• [Required work]: Find the line containing "Já pensou num produto que realinha", then print it and each following line through the end of the records, exactly and with nothing added; leave out any pictures.

• [Data to process]:
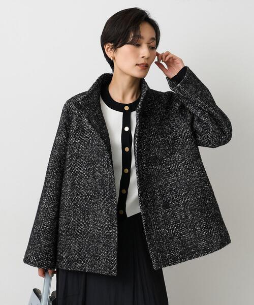 【デザイン】 ファンシーヘリンボンのスタンドカラーコート。 クラシックなデザインがエレガントさを引き立てながら、どんなシーンにもピッタリなアイテムです。 スタンドカラーが首元をすっきりと見せ、シンプルなトップスやニットとも好相性です。 後ろ中心のタックのディテールが可愛らしさを引き立てています。 【素材感】 クラシック感のあるツイード風コート素材。 フラットな糸とスラブ糸やリング糸をミックスして経緯に使用し、ヘリンボーンの組織を作り上げる事で、カジュアル且つ良質な雰囲気に上げた素材になります。 少しバルキーな表情感にヘリンボーン組織が映える今年らしい素材感に仕上げています。 【仕様】 ・ポケット数:横×2 ・裏地あり ※照明の関係により、実際よりも色味が違って見える場合があります。また、パソコン・スマートフォンなどの環境により、若干製品と画像のカラーが異なる場合もございます。 モデル情報:身長163cm B77 W56 H87 着用サイズ:02(M) 店舗へのお問い合わせ商品番号:153-94700 ●製品寸法: 00(XS):着丈57cm B98cm 袖丈55cm 肩幅39cm 01(S):着丈59cm B101cm 袖丈57cm 肩幅40cm 02(M):着丈60cm B105cm 袖丈57cm 肩幅41cm 03(L):着丈61cm B108cm 袖丈58cm 肩幅42cm 備考:重量:約895g(サンプルサイズ)
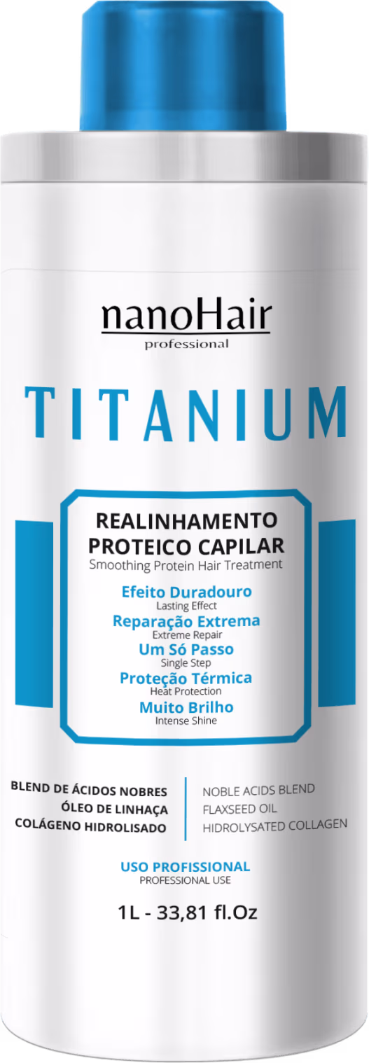Já pensou num produto que realinha com força e ao mesmo tempo é delicado? Já pensou num produto que tem alta durabilidade e mesmo assim não maltrata o cabelo? Parece algo impossível, não é? Pois saiba que você está diante da Titanium - Nano Hair, a escova para alisamento sem formol e em um só passo com a maior carga de tecnologia do mercado. Ela alinha, alisa, retira completamente o frizz, baixa o volume, repara, hidrata e nutre no último degrau do possível. E ainda tem mais, a Titanium dispensa pré-lavagem e pode ser aplicada em apenas 4 etapas simples por qualquer pessoa.
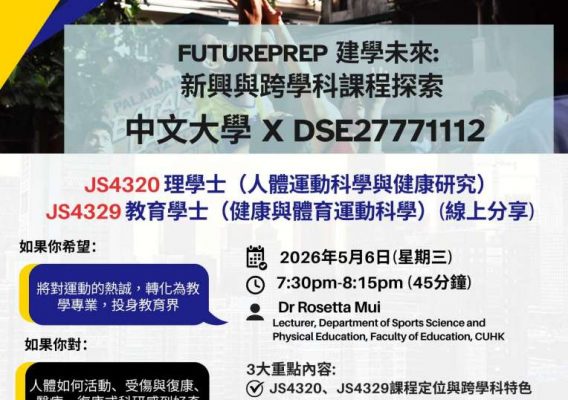 在社會日益關注健康、身心發展及學習素質的背景下,體育運動科學已成為具發展前景的學習方向。香港中文大學教育學院轄下的體育運動科學系(SSPE),結合運動科學、健康研究與教育專業,致力培育具備科學素養、教學能力及專業視野的人才。課程強調理論與實踐並重,涵蓋人體運動、健康促進、體育教育及學生成長等核心範疇,讓學生在掌握運動與健康科學知識之餘,亦能理解教育現場的實際需要,回應社會對健康教育與體育專業人才的殷切需求。
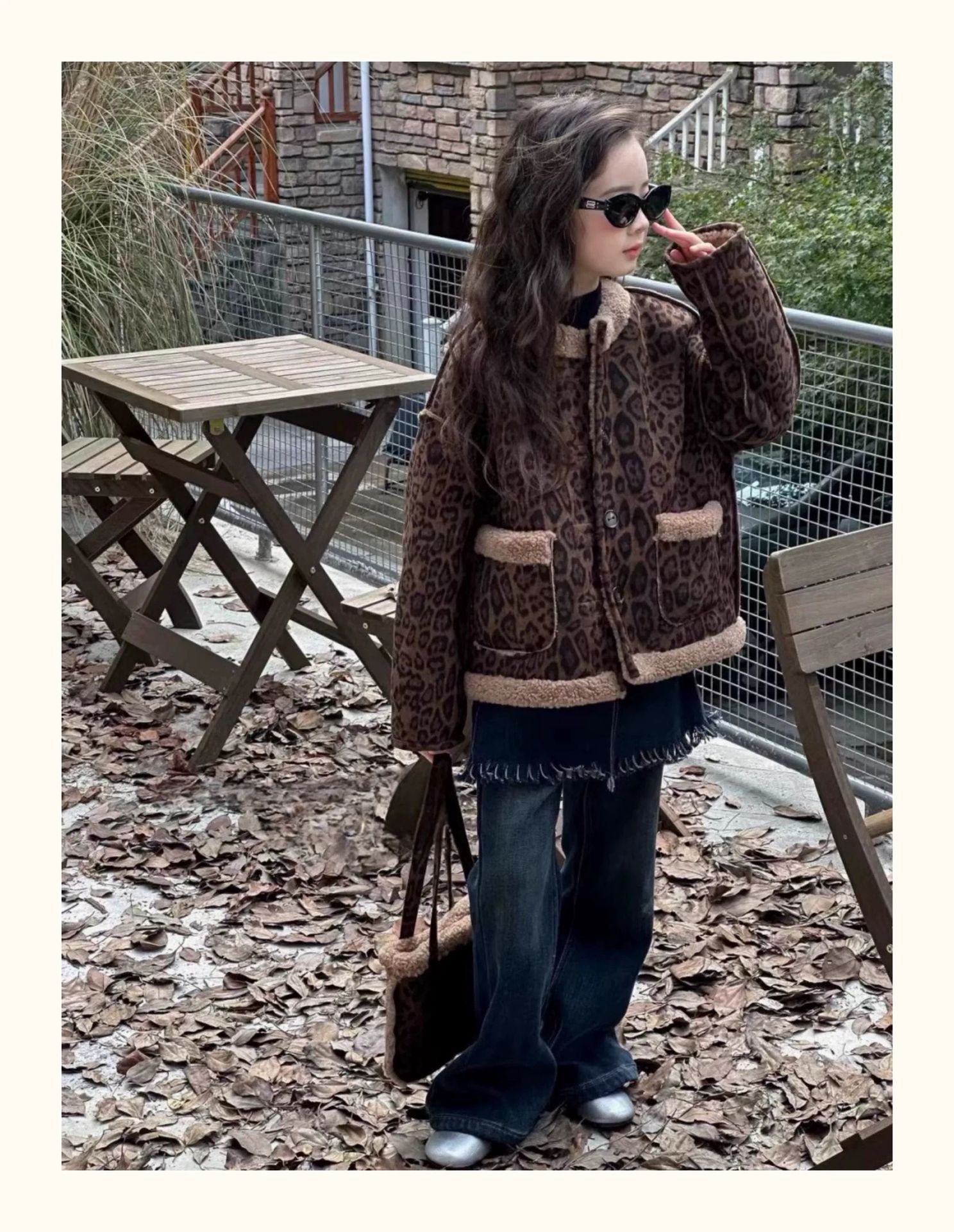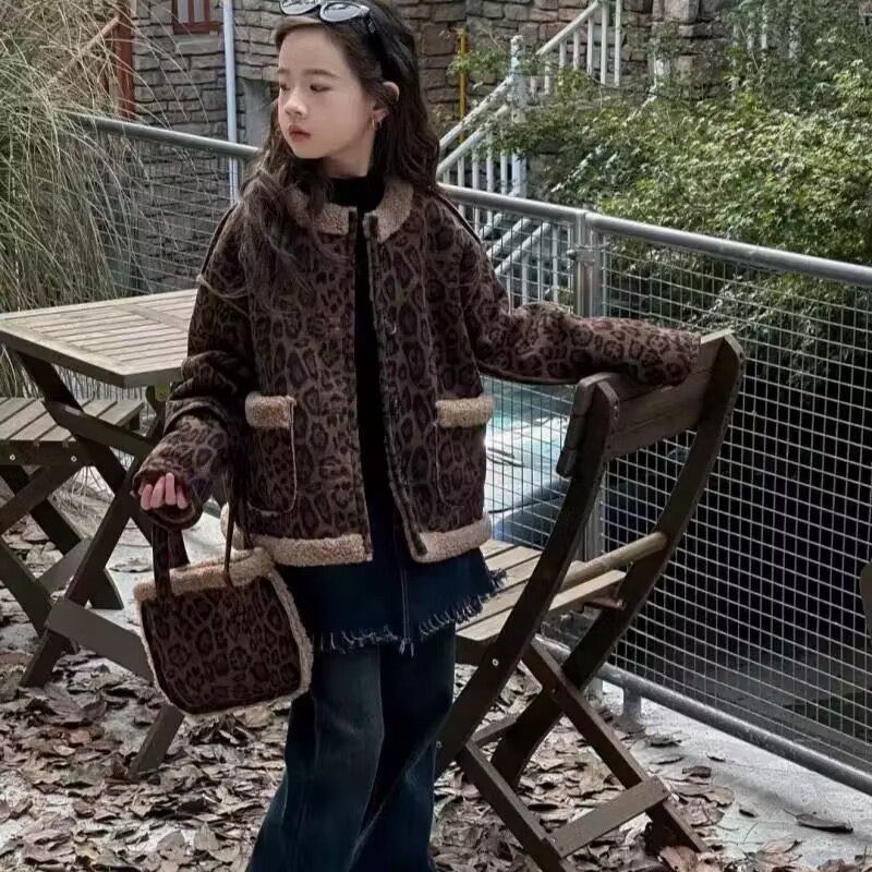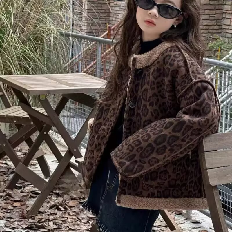 어린이 벨벳 코트 가을과 겨울 소녀 패션 레오파드 무늬 코트 3-8 세 아동복 헤어 세대
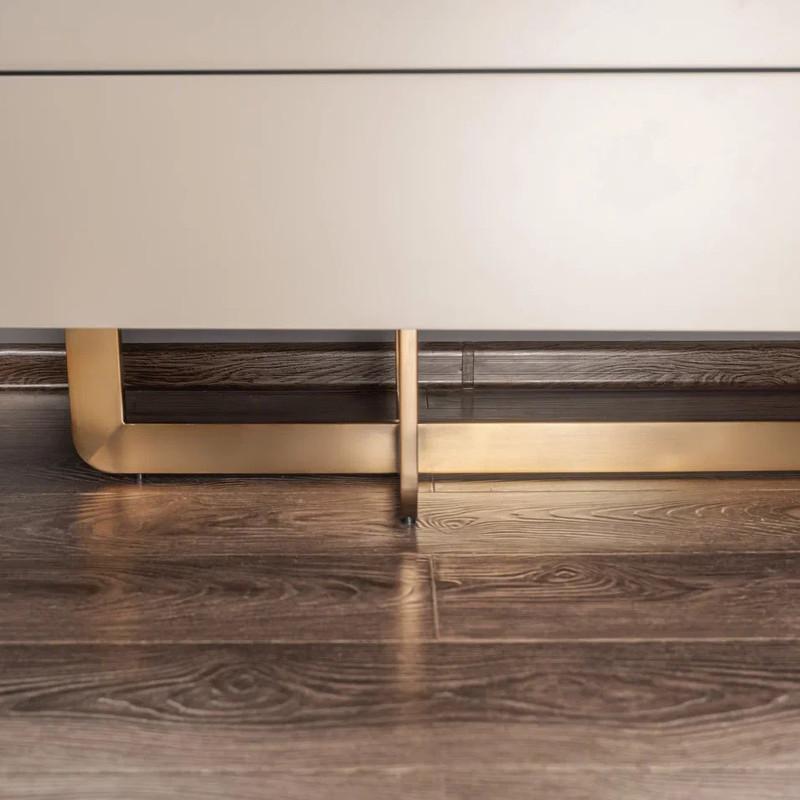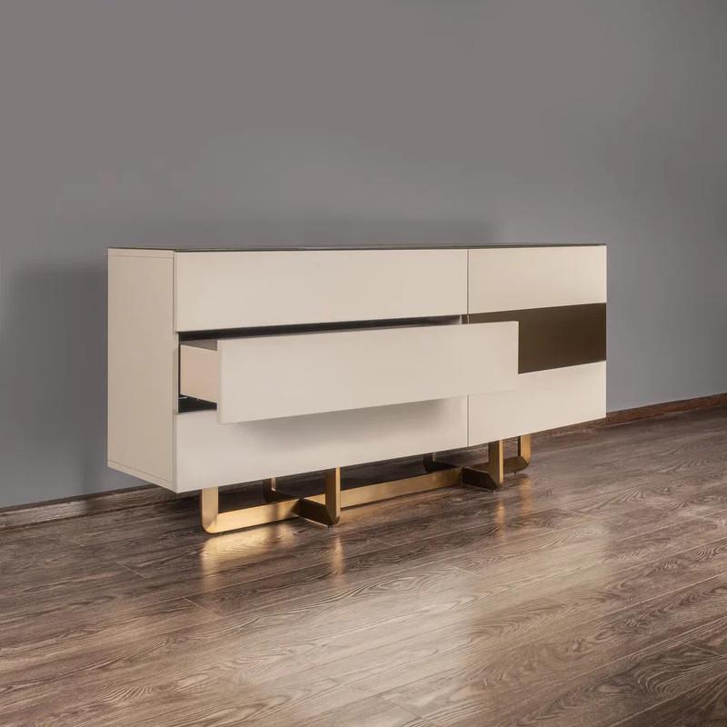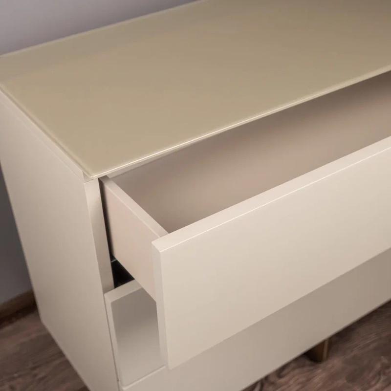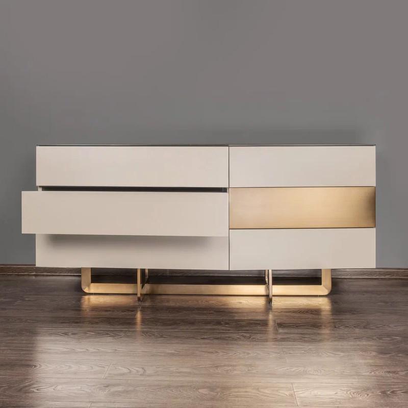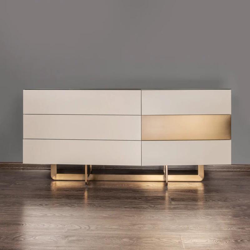 Комод от итальянского бренда Fratelli Barri оснащен шестью выдвижными ящиками, благодаря которым можно разместить все необходимое, обеспечивая удобное и доступное хранение. Ящики оснащены механизмом "push to open". Комод изготовлен из высококачественного МДФ, корпус выполнен в отделке матовым серо-бежевым лаком, ножки и фасад одного ящика выполнены из металла в цвете бронза WJ-09. Столешница выполнена из стекла.
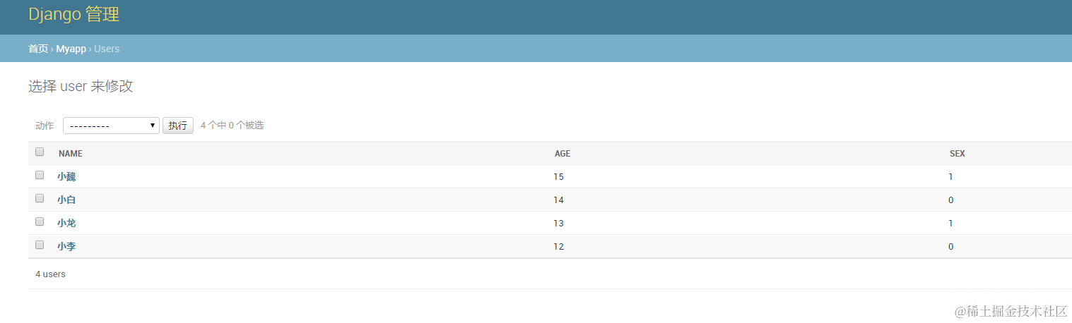 为了方便再后台更直观的看到数据,我们可以把表注册到app中的admin中。看下图:

• [Output below]:
Já pensou num produto que realinha com força e ao mesmo tempo é delicado? Já pensou num produto que tem alta durabilidade e mesmo assim não maltrata o cabelo? Parece algo impossível, não é? Pois saiba que você está diante da Titanium - Nano Hair, a escova para alisamento sem formol e em um só passo com a maior carga de tecnologia do mercado. Ela alinha, alisa, retira completamente o frizz, baixa o volume, repara, hidrata e nutre no último degrau do possível. E ainda tem mais, a Titanium dispensa pré-lavagem e pode ser aplicada em apenas 4 etapas simples por qualquer pessoa.
 在社會日益關注健康、身心發展及學習素質的背景下,體育運動科學已成為具發展前景的學習方向。香港中文大學教育學院轄下的體育運動科學系(SSPE),結合運動科學、健康研究與教育專業,致力培育具備科學素養、教學能力及專業視野的人才。課程強調理論與實踐並重,涵蓋人體運動、健康促進、體育教育及學生成長等核心範疇,讓學生在掌握運動與健康科學知識之餘,亦能理解教育現場的實際需要,回應社會對健康教育與體育專業人才的殷切需求。
 어린이 벨벳 코트 가을과 겨울 소녀 패션 레오파드 무늬 코트 3-8 세 아동복 헤어 세대
 Комод от итальянского бренда Fratelli Barri оснащен шестью выдвижными ящиками, благодаря которым можно разместить все необходимое, обеспечивая удобное и доступное хранение. Ящики оснащены механизмом "push to open". Комод изготовлен из высококачественного МДФ, корпус выполнен в отделке матовым серо-бежевым лаком, ножки и фасад одного ящика выполнены из металла в цвете бронза WJ-09. Столешница выполнена из стекла.
 为了方便再后台更直观的看到数据,我们可以把表注册到app中的admin中。看下图:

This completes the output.